Adrenal Extra-Adrenal
Pheochromocytoma

Branchiomeric

Aorticopulmonary

Coronary

Intercarotid

Jugulotympanic

Laryngeal

Nasal

Orbital

Pulmonary

Subclavian

Intravagal

Aorticosympathetic

Visceroautonomic

 

HISTORY

    

 

       The carotid body was first described by anatomist Von Haller in 1743. He described the carotid body; however, the function of this receptor organ remained unclear for decades.

 

 

       Carotid body tumors first were described in Europe in 1862 by Von Luschka and in 1891 by Marchand. Scudder, in the United States, reported the removal of a carotid body tumor in 1903.

       Tissue similar to the carotid body then was discovered in various sites in the body.

       Histiologic studies of the carotid body revealed glandular acini so the carotid body was renamed the carotid gland.

       The gland was renamed a vascular glomerulus or glomus. The term glomus today refers to any collection of specialized tissue. The term paraganglion was first used by histologist Kohn in 1903 to describe the carotid body. This term was most appropriate as cells of the carotid body originate from the neural crest and migrate in close association with autonomic ganglion cells.

       Anatomists had described ganglions along the course of the Jacobson’s nerve as early as 1840, but no association with paraganglioma was made until 1941.

       White discovered paraganglionic tissue in the vagal perineum in 1935. Stout is credited with the first report of a tumor of this tissue along the vagus nerve.

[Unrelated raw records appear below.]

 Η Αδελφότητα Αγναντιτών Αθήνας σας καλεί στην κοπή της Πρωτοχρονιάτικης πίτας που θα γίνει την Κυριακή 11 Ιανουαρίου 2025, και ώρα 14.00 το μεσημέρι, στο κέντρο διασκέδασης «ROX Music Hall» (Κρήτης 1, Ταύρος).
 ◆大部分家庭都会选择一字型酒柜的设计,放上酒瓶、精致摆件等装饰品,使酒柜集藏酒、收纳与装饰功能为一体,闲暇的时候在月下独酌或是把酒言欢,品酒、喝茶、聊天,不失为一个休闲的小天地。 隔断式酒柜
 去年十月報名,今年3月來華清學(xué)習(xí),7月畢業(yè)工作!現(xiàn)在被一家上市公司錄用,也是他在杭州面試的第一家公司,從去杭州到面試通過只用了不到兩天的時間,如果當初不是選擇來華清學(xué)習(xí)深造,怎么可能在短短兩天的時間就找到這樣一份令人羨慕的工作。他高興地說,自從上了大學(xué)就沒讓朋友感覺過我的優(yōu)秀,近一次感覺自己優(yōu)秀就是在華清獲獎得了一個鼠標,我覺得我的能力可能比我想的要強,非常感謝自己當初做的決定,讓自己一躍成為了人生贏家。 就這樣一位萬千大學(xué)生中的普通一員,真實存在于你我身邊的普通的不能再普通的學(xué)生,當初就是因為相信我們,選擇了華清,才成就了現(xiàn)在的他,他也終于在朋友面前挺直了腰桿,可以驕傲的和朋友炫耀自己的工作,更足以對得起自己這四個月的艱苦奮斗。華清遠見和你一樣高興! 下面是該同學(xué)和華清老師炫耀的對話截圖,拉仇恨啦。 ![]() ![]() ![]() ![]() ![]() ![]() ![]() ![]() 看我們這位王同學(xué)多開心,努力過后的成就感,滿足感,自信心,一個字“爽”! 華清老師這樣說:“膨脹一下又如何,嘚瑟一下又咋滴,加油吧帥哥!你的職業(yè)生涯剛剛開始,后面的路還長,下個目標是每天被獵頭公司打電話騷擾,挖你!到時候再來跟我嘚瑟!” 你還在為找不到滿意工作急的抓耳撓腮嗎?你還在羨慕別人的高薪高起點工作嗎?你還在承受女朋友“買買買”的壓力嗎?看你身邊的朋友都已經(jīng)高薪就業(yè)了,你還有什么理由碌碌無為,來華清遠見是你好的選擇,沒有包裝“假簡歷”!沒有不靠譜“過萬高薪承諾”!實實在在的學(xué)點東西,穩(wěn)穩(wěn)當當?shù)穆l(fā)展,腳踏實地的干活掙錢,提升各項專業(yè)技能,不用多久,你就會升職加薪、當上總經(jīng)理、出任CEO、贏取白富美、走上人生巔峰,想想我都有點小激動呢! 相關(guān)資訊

       Guild first described vascularized tissue in the dome of the jugular bulb and on the promontory of the middle ear and named it "glomic tissue" in 1941.

       In 1945, Rosenwasser reported a "carotid body tumor" of the middle ear and mastoid and the correlation between these tumors was made.

  

THE PARAGANGLION SYSTEM, ANATOMY AND FUNCTION

 

       The paraganglion system was the name coined by Mascorro and Yates to denote collection of neuroectoderm-derived chromaffin cells in extra-adrenal sites. The system is vital in fetal development until the formation of the adrenal medulla, as a source of cathecholamines. Most of the cells in the paraganglion system degenerate after birth, with the exception of those along the autonomic nervous system and in the walls of certain organs. These cells are located in the vascular adventicia and intraneuronally.

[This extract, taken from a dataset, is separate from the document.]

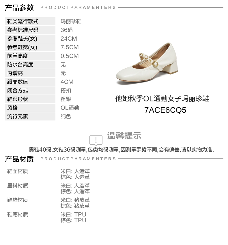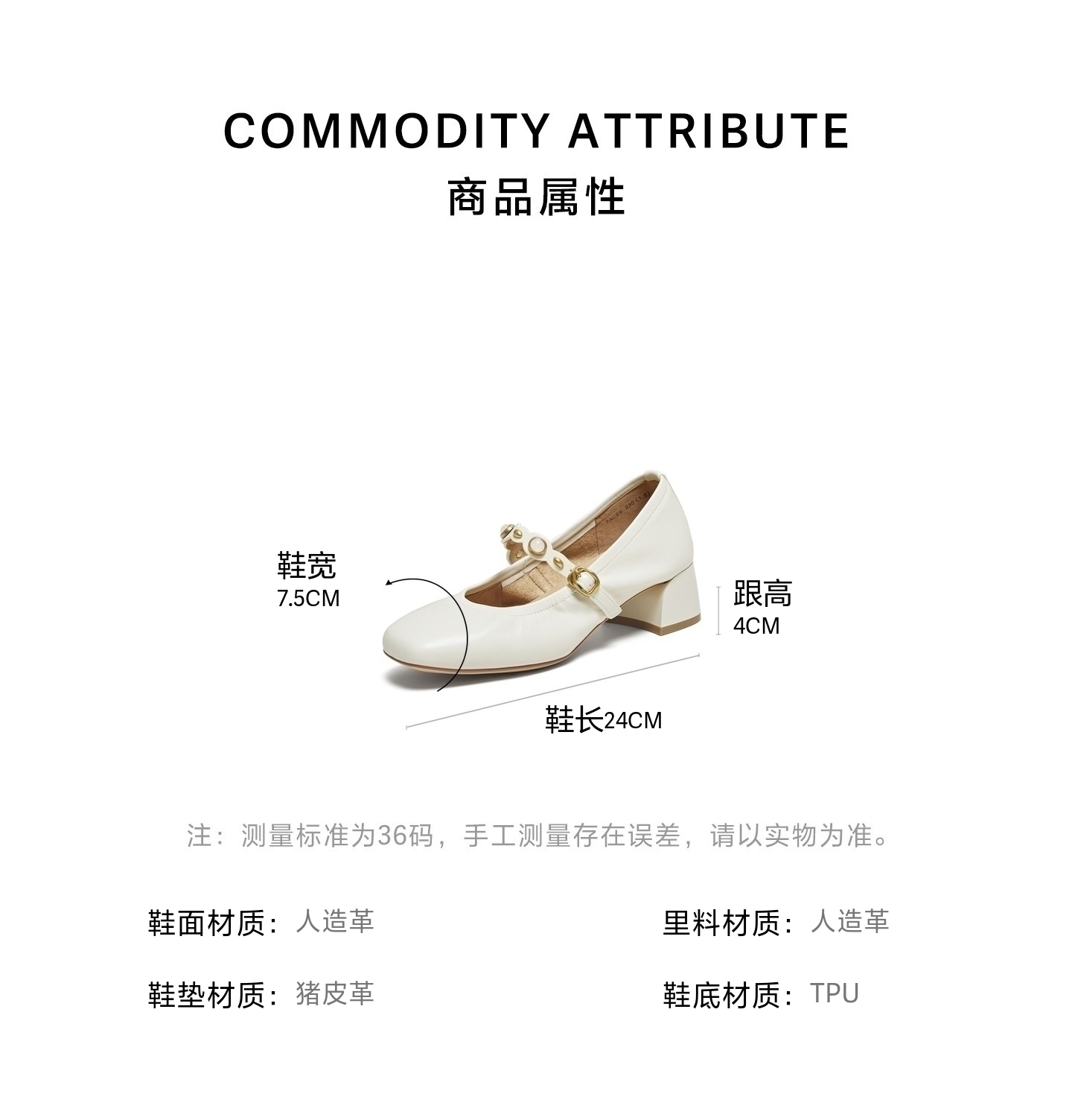 | 风格:OL通勤 | 跟高数值:4CM | 色系:米白 | 配跟:有 | 性别:女子 |

       The function of chromaffin cells is similar to those in the adrenal medulla.

They secrete and store cathecholamines, and release them on neuronal or chemical signals acting as endocrine organs.

       Carotid bodies are located in the adventitia of the posteromedial aspect of the bifurcation of the common carotid artery. They are small pink ovoid structures that have been shown to have a chemoreceptor role by modulating respiratory and cardiovascular function in response to fluctuations in arterial pH, oxygen and carbon dioxide tension, and other chemical alterations. Their blood supply is primarily from the external carotid artery and sensory innervation is from the glossopharyngeal nerve.

       Guild described the paraganglia of the temporal bone as ovoid, lobulated bodies measuring between 1-1.5mm in diameter. On the average, there are three such bodies in each ear. These paraganglioma are usually found accompanying Jacobson’s nerve (from CNIX) or Arnold’s nerve (from CNX), or in the adventitia of the jugular bulb. Tumors of these paraganglioma are usually seen involving the mucosa of the promontory (glomus tympanicum) or the jugular bulb (glomus jugulare). The blood supply to jugulotympanic paragangliomas is the ascending pharyngeal artery via inferior tympanic and neuromeningeal branches. Numerous other arteries can contribute especially if the tumor is large or has intracranial extension.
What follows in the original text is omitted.